HourSchool began as a research project about homelessness when co-founders Ruby Ku and Alex Pappas were at the Austin Center for Design.
"We met with homeless people, listened to their stories, and learned about their good and bad days. Contrary to common belief, homelessness is not just the guy you see at the corner of the street or on the side of a freeway. 40% of the homeless population in Austin is made up of women and children with an average age of 7. They often have little or no safety nets, and when they're hit with even rougher times, they end up homeless. The biggest problem is perception - both in how society perceives people experiencing homelessness, and how that perception affects the way they perceive themselves.
Our perception changed the day we began asking one simple question: ‘What's the best part of your day?’
Over and over again, we heard that the best part of their day was when they could help others and share what they know - from where to buy a bus pass and writing a resume to cooking and painting.
A common way of thinking about the homeless is with Maslow’s hierarchy of needs, describing that the most fundamental of needs (like food and water) must be served before one can move up into other needs (such as self-esteem and being part of a community). Many social service agencies work extremely hard to provide the homeless with these fundamental goods and services. But we believe they are not enough to lift someone out of homelessness.

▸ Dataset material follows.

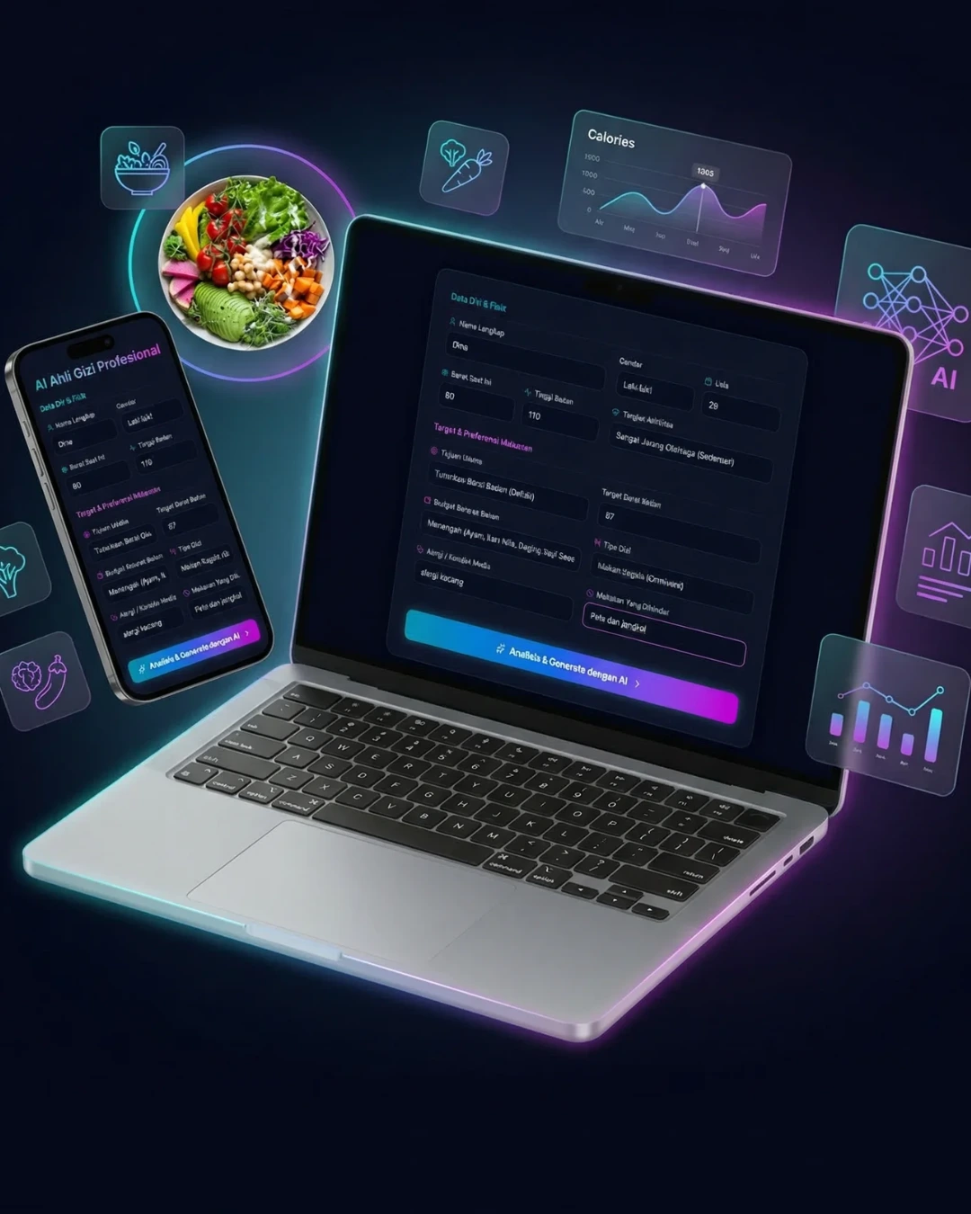 Cukup isi data dasar seperti berat badan, tinggi, aktivitas harian, dan target kamu. AI akan memahami kondisi tubuhmu secara personal.

If the Maslow’s hierarchy considered from a bird’s eye point of view, self-actualization is at the core of what makes us human. It is an innate human need for us to not just be able to live, but also to have the desire to live. That desire is often what separates between the chronically homeless and the ones that are trying to change their situations. For homeless people to feel empowerment to change their situations, we began to look at how they could help others; thereby, how the homeless could achieve self-actualization. Our innate need to share and give remains true regardless of our economic situation. HourSchool was built as a launchpad for everyone seeking to give, share, teach and learn - one hour at a time.